Work instruction >> Reproduce exactly the lines below from the one containing "Polished Agate Heart" through the one containing "METALOWA CHOINKA CZARNA", including both, and nothing else.

Data under study >>
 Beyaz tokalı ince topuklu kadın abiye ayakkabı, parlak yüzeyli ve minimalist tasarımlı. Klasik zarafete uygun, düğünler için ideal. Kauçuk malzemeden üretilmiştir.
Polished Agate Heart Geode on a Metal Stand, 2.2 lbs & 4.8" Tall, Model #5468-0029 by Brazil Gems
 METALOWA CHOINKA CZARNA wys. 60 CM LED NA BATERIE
==
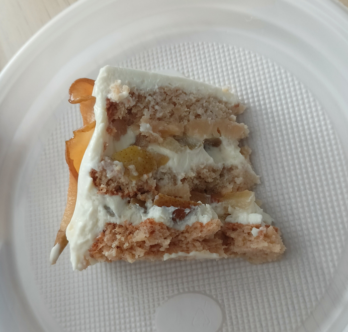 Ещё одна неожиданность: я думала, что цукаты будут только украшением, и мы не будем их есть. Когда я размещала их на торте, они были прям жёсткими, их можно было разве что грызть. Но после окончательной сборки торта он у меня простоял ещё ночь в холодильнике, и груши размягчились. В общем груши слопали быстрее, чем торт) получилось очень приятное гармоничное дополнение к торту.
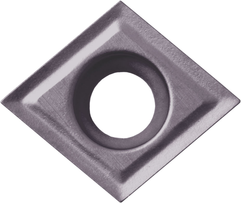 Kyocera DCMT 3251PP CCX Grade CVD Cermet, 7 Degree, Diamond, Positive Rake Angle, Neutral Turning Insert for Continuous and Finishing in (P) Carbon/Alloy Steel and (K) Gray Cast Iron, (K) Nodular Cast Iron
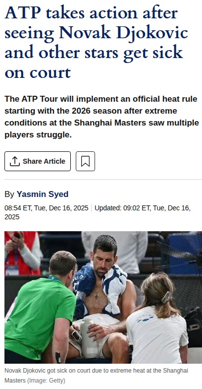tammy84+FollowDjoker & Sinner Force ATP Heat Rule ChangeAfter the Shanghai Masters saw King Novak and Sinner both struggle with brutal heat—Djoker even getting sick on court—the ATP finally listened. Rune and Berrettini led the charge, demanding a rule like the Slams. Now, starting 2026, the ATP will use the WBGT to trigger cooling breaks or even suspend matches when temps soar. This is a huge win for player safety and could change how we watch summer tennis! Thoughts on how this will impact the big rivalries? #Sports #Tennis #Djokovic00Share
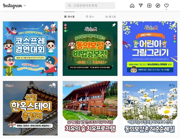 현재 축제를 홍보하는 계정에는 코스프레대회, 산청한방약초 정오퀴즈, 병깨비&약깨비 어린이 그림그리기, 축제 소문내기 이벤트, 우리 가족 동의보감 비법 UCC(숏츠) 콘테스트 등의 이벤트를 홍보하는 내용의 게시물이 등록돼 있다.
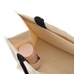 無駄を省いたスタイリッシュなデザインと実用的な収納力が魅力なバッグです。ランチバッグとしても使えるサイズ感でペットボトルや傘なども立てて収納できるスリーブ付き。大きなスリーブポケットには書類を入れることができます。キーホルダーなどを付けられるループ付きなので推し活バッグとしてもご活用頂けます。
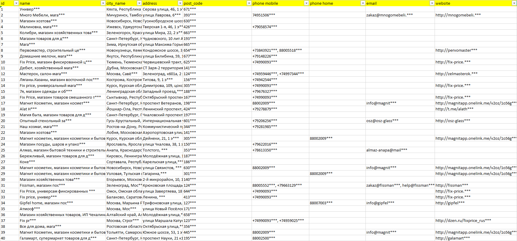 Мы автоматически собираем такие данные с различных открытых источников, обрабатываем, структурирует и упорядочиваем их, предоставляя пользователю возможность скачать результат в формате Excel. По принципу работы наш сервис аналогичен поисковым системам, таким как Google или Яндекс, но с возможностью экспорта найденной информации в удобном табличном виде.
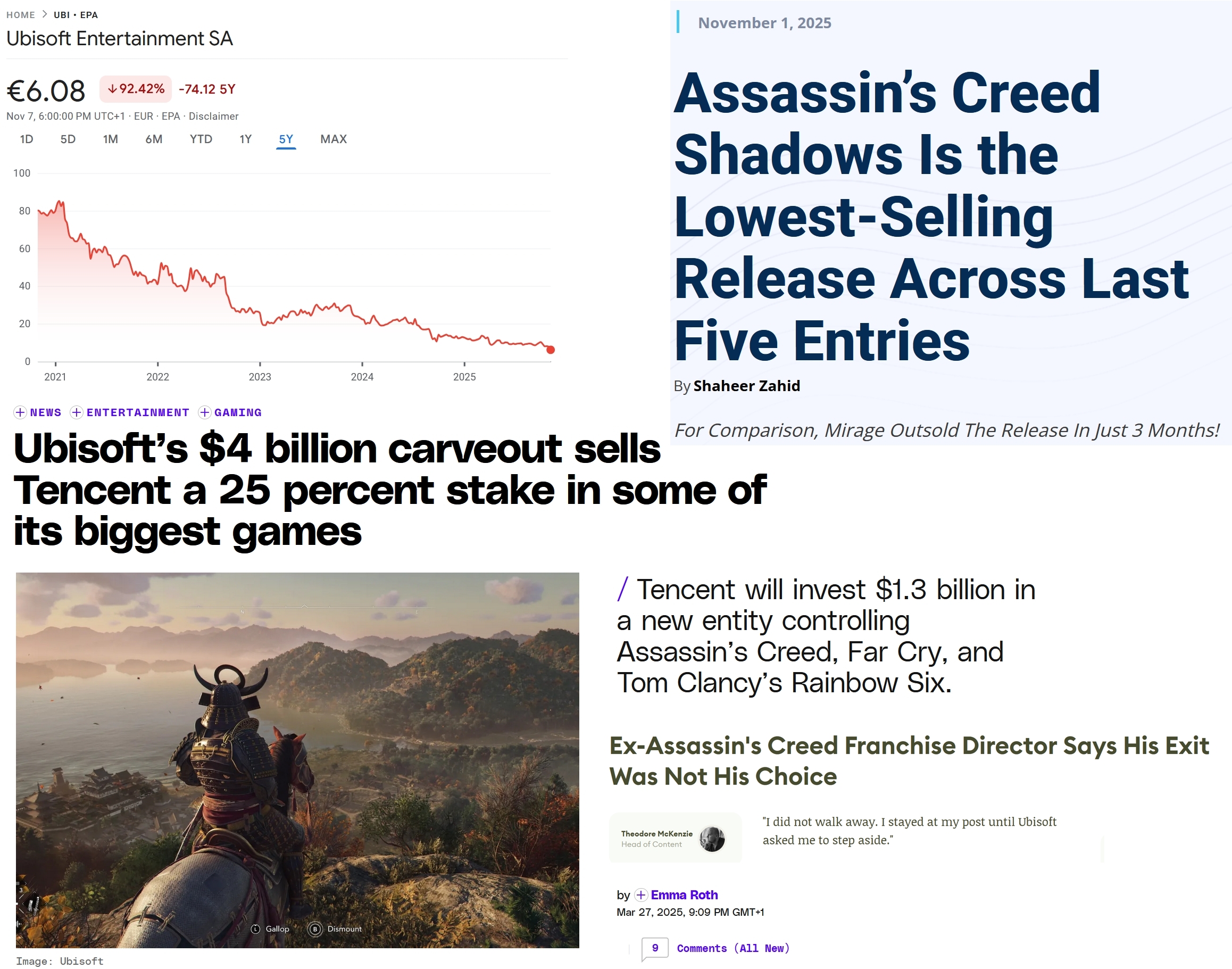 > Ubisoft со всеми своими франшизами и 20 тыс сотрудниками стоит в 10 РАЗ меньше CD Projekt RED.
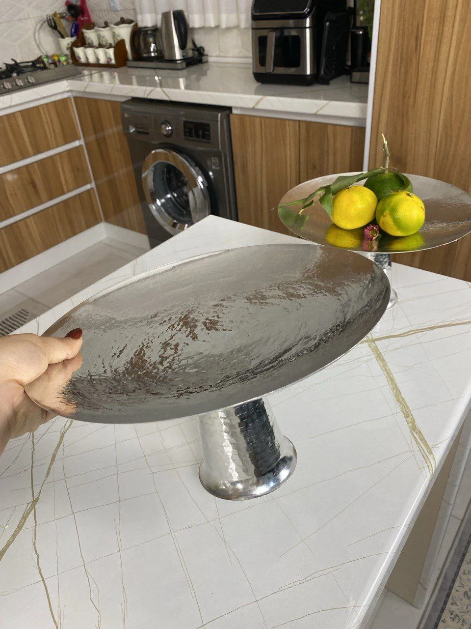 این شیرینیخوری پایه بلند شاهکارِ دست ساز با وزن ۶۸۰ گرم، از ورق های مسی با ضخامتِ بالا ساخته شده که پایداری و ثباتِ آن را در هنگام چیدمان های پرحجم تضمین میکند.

Task output >>
Polished Agate Heart Geode on a Metal Stand, 2.2 lbs & 4.8" Tall, Model #5468-0029 by Brazil Gems
 METALOWA CHOINKA CZARNA wys. 60 CM LED NA BATERIE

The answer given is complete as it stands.